> RECORDED DATA
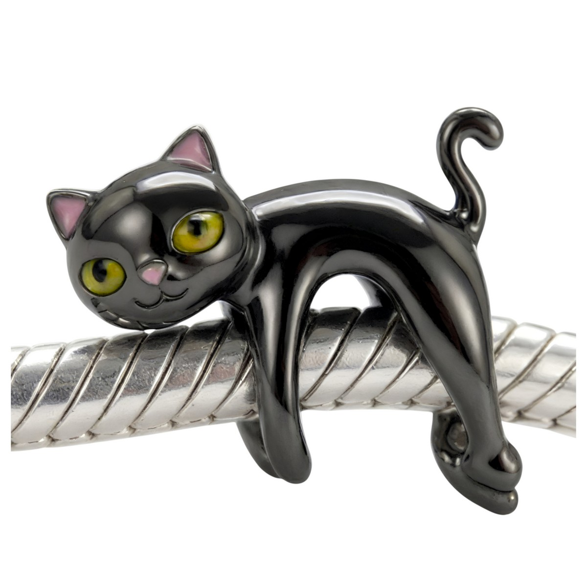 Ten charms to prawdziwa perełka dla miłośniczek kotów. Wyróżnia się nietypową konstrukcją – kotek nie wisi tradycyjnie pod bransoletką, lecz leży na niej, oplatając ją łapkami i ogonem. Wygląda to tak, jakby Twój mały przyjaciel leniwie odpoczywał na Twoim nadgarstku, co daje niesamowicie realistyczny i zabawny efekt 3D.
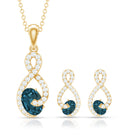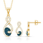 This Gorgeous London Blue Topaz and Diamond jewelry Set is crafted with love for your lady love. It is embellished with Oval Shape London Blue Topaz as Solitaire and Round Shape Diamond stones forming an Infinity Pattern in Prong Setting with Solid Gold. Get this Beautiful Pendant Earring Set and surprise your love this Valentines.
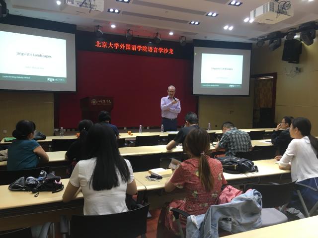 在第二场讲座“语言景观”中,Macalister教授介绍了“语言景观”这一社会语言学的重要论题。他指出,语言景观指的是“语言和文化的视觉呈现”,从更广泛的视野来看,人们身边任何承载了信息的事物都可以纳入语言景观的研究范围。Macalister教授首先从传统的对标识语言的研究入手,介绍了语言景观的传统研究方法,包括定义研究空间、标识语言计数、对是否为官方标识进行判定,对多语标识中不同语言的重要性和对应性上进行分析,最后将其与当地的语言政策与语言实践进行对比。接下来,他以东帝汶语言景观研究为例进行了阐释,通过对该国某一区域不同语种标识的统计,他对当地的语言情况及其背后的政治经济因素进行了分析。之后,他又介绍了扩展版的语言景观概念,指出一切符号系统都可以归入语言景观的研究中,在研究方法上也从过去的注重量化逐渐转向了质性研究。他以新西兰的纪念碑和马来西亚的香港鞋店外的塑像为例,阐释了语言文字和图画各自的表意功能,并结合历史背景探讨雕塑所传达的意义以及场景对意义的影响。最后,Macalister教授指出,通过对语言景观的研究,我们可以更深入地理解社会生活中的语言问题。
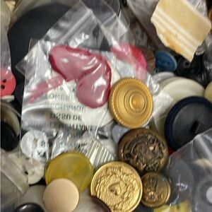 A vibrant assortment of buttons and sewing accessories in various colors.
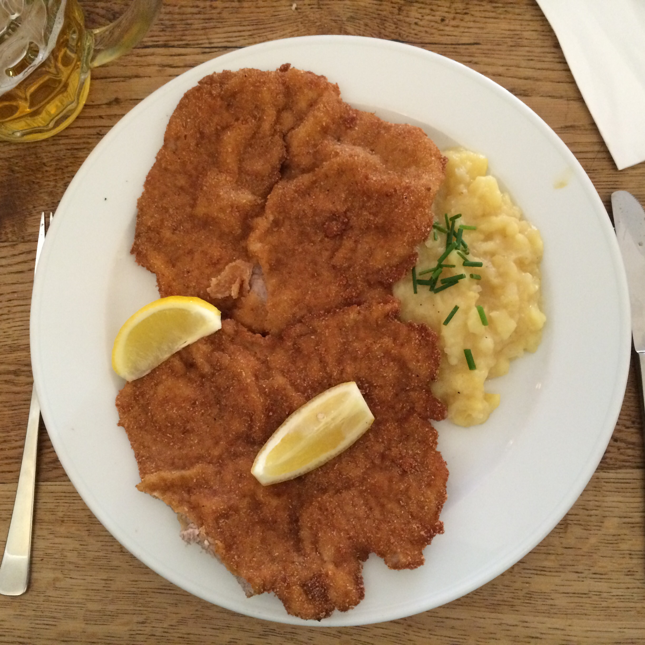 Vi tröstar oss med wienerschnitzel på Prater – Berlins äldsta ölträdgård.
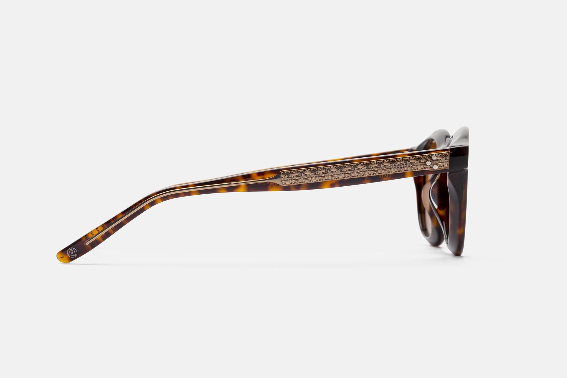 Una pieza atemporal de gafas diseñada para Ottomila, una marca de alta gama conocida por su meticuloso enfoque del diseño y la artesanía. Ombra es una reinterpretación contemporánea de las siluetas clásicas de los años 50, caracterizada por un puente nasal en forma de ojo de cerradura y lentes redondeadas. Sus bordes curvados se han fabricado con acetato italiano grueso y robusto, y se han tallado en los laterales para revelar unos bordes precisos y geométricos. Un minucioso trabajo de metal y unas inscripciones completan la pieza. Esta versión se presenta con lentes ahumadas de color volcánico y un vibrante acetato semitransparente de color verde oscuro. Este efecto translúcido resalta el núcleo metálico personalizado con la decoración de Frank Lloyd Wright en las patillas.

> WHAT YOU NEED TO DO
What is needed is a word-for-word copy of the lines from the start of the data to the line with "Vi tröstar oss", inclusive, with no pictures in it.

> ANSWER SPACE
 Ten charms to prawdziwa perełka dla miłośniczek kotów. Wyróżnia się nietypową konstrukcją – kotek nie wisi tradycyjnie pod bransoletką, lecz leży na niej, oplatając ją łapkami i ogonem. Wygląda to tak, jakby Twój mały przyjaciel leniwie odpoczywał na Twoim nadgarstku, co daje niesamowicie realistyczny i zabawny efekt 3D.
 This Gorgeous London Blue Topaz and Diamond jewelry Set is crafted with love for your lady love. It is embellished with Oval Shape London Blue Topaz as Solitaire and Round Shape Diamond stones forming an Infinity Pattern in Prong Setting with Solid Gold. Get this Beautiful Pendant Earring Set and surprise your love this Valentines.
 在第二场讲座“语言景观”中,Macalister教授介绍了“语言景观”这一社会语言学的重要论题。他指出,语言景观指的是“语言和文化的视觉呈现”,从更广泛的视野来看,人们身边任何承载了信息的事物都可以纳入语言景观的研究范围。Macalister教授首先从传统的对标识语言的研究入手,介绍了语言景观的传统研究方法,包括定义研究空间、标识语言计数、对是否为官方标识进行判定,对多语标识中不同语言的重要性和对应性上进行分析,最后将其与当地的语言政策与语言实践进行对比。接下来,他以东帝汶语言景观研究为例进行了阐释,通过对该国某一区域不同语种标识的统计,他对当地的语言情况及其背后的政治经济因素进行了分析。之后,他又介绍了扩展版的语言景观概念,指出一切符号系统都可以归入语言景观的研究中,在研究方法上也从过去的注重量化逐渐转向了质性研究。他以新西兰的纪念碑和马来西亚的香港鞋店外的塑像为例,阐释了语言文字和图画各自的表意功能,并结合历史背景探讨雕塑所传达的意义以及场景对意义的影响。最后,Macalister教授指出,通过对语言景观的研究,我们可以更深入地理解社会生活中的语言问题。
 A vibrant assortment of buttons and sewing accessories in various colors.
 Vi tröstar oss med wienerschnitzel på Prater – Berlins äldsta ölträdgård.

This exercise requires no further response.